Benchmarking the Mainstream Open Source Distributed Graph Databases

The deep learning and knowledge graph technologies have been developing rapidly in recent years. Compared with the "black box" of deep learning, knowledge graphs are highly interpretable, thus are widely adopted in such scenarios as search recommendations, intelligent customer support, and financial risk management. 

Meituan has been digging deep in the connections buried in the huge amount of business data over the past few years and has gradually developed the knowledge graphs in nearly ten areas, including cuisine graphs, tourism graphs, and commodity graphs. The ultimate goal is to enhance the smart local life. 

Compared with the traditional RDBMS, graph databases can store and query knowledge graphs more efficiently. It gains obvious performance advantage in multi-hop queries to select graph databases as the storage engine. Currently, there are dozens of graph database solutions out there on the market. 

It is imperative for the Meituan team to select a graph database solution that can meet the business requirements and to use the solution as the basis of Meituan's graph storage and graph learning platform. The team has outlined the basic requirements as below per our business status quo:

  1. It should be an open-source project which is also business-friendly

By having control over the source code, the Meituan team can ensure data security and service availability.

  1. It should support clustering and should be able to scale horizontally in terms of both storage and computation capabilities

The knowledge graph data size in Meituan can reach hundreds of billions of vertices and edges in total and the throughput can reach tens of thousands of QPS. With that being said, the single-node deployment cannot meet Meituan's storage requirements.

  1. It should work under OLTP scenarios with the capability of multi-hop queries at the millisecond level.

To ensure the best search experience for Meituan users, the team has strictly restricted the timeout value within all chains of paths. Therefore, it is unacceptable to respond to a query at the second level.

  1. It should be able to import data in batch

The knowledge graph data is usually stored in data warehouses like Hive. The graph database should be equipped with the capability to quickly import data from such warehouses to the graph storage to ensure service effectiveness.

The Meituan team has tried the top 30 graph databases on DB-Engines and found that most well-known graph databases only support single-node deployment with their open-source edition, for example, Neo4j, ArangoDB, Virtuoso, TigerGraph, RedisGraph.
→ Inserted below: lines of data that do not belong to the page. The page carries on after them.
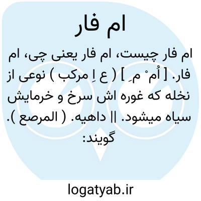 ام فار. [ اُم ْ م ِ ] ( ع اِ مرکب ) نوعی از نخله که غوره اش سرخ و خرمایش سیاه میشود. || داهیه. ( المرصع ). گویند: وقعوا فی ام فار؛ در داهیه واقع شدند. ( از المرصع ). در المرصع با الف و لام یعنی ام الفار نیز آمده.
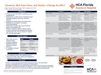 Introduction Drug induced liver injury (DILI) contributes to a significant portion of acute liver injuries and acute liver failure in the west. DILI accounts for approximately 11% of acute liver failure cases in the US according to ACG. Insulting agents are numerous and well documented in the NIH LiverTox database, however the rarity and complexity of individual agents is a matter of ongoing study. Case Description/Methods A 52 year old man with PMH of HTN and HLD presents for a 2 week history of abdominal swelling, bilateral lower extremity swelling, decreased appetite, and positional shortness of breath. He endorses occasionally drinking an oz. of vodka before bed to fall asleep but denied heavy binge drinking. His medications were amlodipine, HCTZ, and atorvastatin. Of note this patient was very health conscious and took a regimen of natural remedies including turmeric pills, red yeast paste, Zinc, and fish oil. Labs were significant for ALT = 815 u/L, AST = 2480 u/L, Alk Phos = 238 u/L, T. Bilirubin = 3.2 mg/dL and creatinine phosphokinase (CPK) = 18,000 u/L. An infectious workup was negative for viral hepatitis, syphilis, and Leptospira. Immunological workup was negative for ANA, Anti-smooth muscle ab, and Anti-LKM ab. An abdominal US revealed trace subhepatic ascites. Portal vein US showed patent hepatopetal flow. CT scan showed a normal size and contour of the liver. An echocardiogram showed normal left ventricle with 55% ejection fraction. After home medications were discontinued, the liver function tests and CPK trended down. Spironolactone helped reduce swelling. Discussion This is a case of new onset hepatocellular pattern (R factor 7.4) acute liver injury without past chronic hepatic disease. DILI second to atorvastatin, turmeric, and Red Yeast use was the presumed diagnosis as these agents have likelihood scores of A, B, and C respectively. Although statins are a class A cause of liver injury, the incidence of a >3x elevation of ULN is exceedingly rare (< 1% of cases) In the case of turmeric induced DILI, most cases present with mild elevations of Alk. Phos. and marked elevation of AST and ALT ( > 1000). Interestingly most reports of turmeric induced DILI had a combination of multiple offending agents such as this case. Red yeast is a traditional Chinese herbal remedy containing monacolin K, an identical agent to lovastatin. Prospective controlled studies do not show a significant enzyme increase in LFTs, but there are isolated case reports with liver injury second to consumption of red yeast.
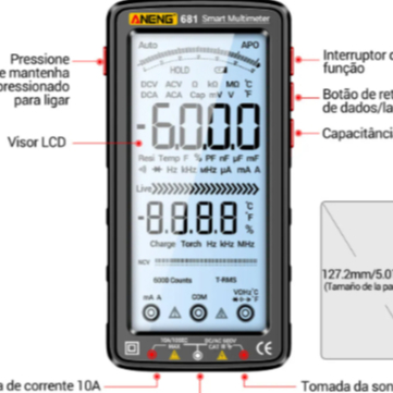 Voltímetro Multímetro Digital Profissional Recarregável Inteligente Aneng 681 nfe 6000 Uni Automátic
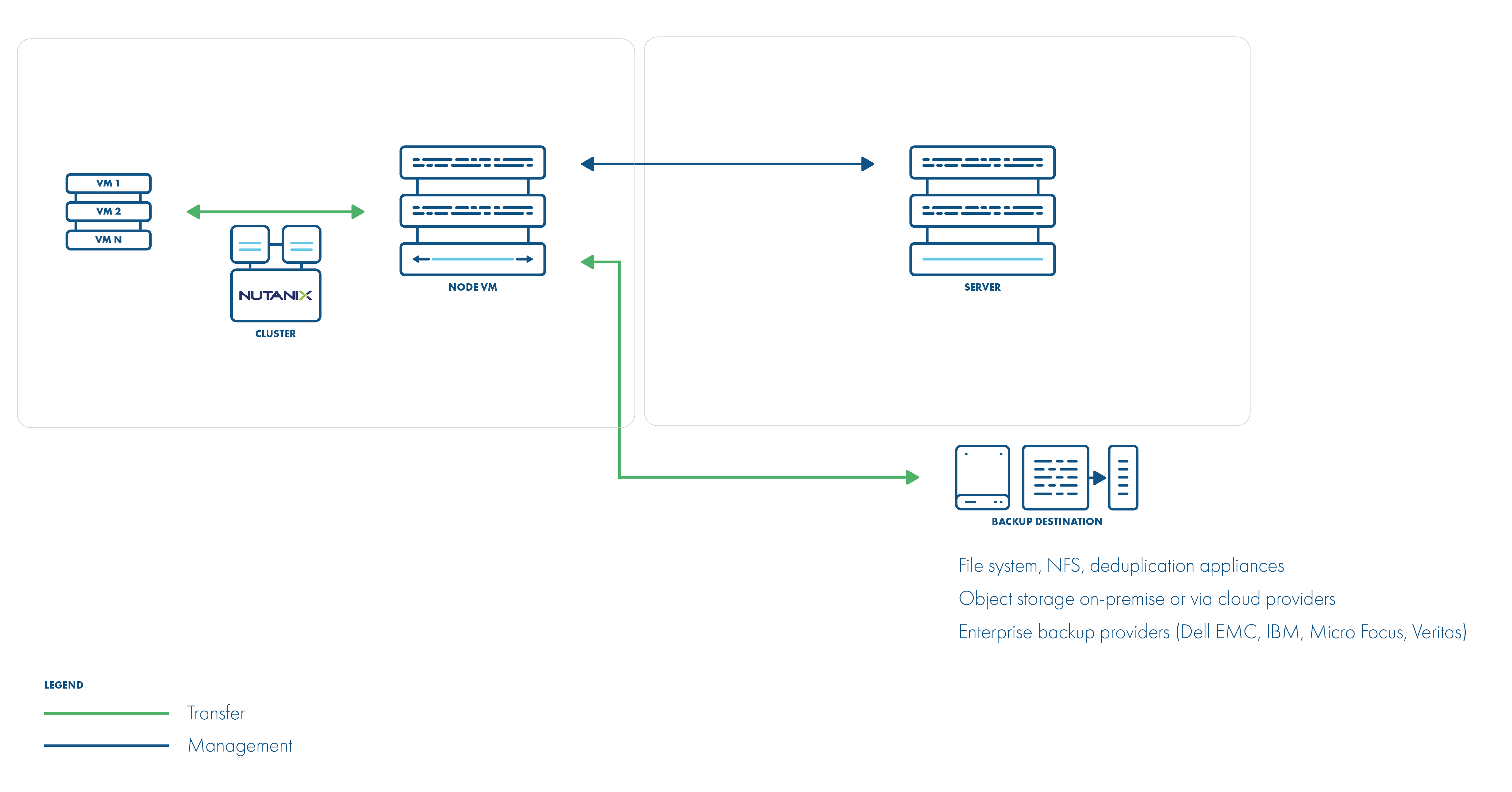 - Each node will handle VMs that reside on the particular hypervisor (which because of data locality may be faster than backup of VMs from other hosts

This means that the storage service cannot scale horizontally and the requirement to store large-scale knowledge graph data cannot be met. 

After thorough research and comparison, the team has selected the following graph databases for the final round: Nebula Graph (developed by a startup team who originally came from Alibaba), Dgraph (developed by a startup team who originally came from Google), and HugeGraph (developed by Baidu).

A Summary of The Testing Process 

Hardware Configuration

  1. Database instances: Docker containers running on different machines
  2. Single instance resources: 32 Cores, 64 GB Memory, 1 TB SSD (Intel(R) Xeon(R) Gold 5218 CPU @ 2.30 GHz)
  3. Number of instances: Three